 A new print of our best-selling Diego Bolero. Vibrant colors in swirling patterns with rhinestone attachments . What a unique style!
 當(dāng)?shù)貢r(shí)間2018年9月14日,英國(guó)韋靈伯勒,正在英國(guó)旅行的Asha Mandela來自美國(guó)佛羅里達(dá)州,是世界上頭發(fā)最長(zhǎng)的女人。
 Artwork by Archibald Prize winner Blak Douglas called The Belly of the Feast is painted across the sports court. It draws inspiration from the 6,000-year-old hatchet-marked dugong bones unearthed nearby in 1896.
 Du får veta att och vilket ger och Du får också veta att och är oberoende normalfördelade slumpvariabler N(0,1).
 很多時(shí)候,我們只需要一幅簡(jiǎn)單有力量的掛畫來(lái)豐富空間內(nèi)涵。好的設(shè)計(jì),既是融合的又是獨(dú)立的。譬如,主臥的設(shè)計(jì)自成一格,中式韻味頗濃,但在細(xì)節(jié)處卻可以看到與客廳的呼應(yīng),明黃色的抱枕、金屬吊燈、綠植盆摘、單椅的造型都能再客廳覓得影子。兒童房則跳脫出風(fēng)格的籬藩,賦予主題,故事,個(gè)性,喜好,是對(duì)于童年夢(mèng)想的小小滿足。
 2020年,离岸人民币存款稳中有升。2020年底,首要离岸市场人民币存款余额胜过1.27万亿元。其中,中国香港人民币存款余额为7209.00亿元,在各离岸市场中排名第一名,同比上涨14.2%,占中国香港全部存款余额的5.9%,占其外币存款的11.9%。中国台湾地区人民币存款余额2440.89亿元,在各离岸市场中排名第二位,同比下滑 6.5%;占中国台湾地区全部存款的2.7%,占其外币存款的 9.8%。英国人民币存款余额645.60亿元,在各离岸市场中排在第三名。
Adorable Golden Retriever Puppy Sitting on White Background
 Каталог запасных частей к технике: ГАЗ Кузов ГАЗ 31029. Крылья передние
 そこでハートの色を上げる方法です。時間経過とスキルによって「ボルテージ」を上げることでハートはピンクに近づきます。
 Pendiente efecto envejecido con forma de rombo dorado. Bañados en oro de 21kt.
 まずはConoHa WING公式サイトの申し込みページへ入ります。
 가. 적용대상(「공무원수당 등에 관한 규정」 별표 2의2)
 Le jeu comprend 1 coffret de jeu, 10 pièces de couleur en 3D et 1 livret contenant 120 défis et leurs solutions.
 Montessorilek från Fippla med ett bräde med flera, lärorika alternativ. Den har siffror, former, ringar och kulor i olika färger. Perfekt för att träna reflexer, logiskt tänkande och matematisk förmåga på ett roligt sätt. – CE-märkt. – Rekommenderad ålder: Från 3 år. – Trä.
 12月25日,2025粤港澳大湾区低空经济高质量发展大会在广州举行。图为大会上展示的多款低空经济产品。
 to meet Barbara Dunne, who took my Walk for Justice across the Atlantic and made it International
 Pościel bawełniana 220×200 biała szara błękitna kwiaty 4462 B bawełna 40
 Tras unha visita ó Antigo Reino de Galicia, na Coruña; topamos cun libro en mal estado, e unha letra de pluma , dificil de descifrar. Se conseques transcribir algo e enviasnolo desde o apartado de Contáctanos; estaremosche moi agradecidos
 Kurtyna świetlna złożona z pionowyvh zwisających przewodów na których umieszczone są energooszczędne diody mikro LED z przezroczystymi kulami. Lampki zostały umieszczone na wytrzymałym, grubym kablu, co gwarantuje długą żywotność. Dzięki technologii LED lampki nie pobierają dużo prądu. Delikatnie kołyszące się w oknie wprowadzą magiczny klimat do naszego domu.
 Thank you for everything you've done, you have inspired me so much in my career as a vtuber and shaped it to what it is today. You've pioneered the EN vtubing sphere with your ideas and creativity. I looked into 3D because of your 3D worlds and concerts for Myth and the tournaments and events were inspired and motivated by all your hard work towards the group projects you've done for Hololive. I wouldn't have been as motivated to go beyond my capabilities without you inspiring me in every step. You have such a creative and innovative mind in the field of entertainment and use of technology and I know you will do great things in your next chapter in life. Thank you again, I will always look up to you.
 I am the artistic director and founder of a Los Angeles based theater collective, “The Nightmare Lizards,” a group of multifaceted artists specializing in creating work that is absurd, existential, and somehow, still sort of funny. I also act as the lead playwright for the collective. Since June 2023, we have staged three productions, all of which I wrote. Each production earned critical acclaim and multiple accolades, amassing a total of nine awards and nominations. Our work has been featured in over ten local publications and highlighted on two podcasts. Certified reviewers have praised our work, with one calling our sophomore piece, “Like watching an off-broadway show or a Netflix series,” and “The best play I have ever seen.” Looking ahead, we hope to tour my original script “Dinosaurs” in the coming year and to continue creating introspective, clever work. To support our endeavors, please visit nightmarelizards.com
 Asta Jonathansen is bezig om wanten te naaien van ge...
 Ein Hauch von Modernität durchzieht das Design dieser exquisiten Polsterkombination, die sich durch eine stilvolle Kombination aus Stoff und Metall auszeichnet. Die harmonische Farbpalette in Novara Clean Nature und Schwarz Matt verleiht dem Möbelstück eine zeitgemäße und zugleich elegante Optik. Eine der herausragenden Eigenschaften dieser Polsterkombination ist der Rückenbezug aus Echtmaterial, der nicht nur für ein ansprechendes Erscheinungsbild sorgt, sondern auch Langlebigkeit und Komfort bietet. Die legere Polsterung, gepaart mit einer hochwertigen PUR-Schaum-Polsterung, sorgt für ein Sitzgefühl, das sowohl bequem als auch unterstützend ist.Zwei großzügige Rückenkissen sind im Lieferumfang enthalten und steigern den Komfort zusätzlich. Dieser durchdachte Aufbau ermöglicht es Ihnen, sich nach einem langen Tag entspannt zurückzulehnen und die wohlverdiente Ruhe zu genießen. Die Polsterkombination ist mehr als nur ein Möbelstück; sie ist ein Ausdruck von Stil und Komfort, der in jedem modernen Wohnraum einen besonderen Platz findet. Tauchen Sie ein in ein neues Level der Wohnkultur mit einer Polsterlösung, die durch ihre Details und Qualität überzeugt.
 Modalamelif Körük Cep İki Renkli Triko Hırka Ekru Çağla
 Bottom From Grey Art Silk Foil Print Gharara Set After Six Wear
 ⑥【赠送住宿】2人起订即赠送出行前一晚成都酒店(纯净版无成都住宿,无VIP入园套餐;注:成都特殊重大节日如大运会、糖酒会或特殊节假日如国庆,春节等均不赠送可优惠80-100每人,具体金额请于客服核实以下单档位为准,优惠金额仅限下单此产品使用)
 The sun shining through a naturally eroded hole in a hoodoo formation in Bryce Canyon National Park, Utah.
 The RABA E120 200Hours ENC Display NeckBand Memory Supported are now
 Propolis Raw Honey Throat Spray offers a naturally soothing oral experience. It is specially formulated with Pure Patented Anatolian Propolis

# WHAT THE TASK ASKS:
Copy out each line of the listing that contains the word "been".

# THE ANSWER:
 Thank you for everything you've done, you have inspired me so much in my career as a vtuber and shaped it to what it is today. You've pioneered the EN vtubing sphere with your ideas and creativity. I looked into 3D because of your 3D worlds and concerts for Myth and the tournaments and events were inspired and motivated by all your hard work towards the group projects you've done for Hololive. I wouldn't have been as motivated to go beyond my capabilities without you inspiring me in every step. You have such a creative and innovative mind in the field of entertainment and use of technology and I know you will do great things in your next chapter in life. Thank you again, I will always look up to you.
 I am the artistic director and founder of a Los Angeles based theater collective, “The Nightmare Lizards,” a group of multifaceted artists specializing in creating work that is absurd, existential, and somehow, still sort of funny. I also act as the lead playwright for the collective. Since June 2023, we have staged three productions, all of which I wrote. Each production earned critical acclaim and multiple accolades, amassing a total of nine awards and nominations. Our work has been featured in over ten local publications and highlighted on two podcasts. Certified reviewers have praised our work, with one calling our sophomore piece, “Like watching an off-broadway show or a Netflix series,” and “The best play I have ever seen.” Looking ahead, we hope to tour my original script “Dinosaurs” in the coming year and to continue creating introspective, clever work. To support our endeavors, please visit nightmarelizards.com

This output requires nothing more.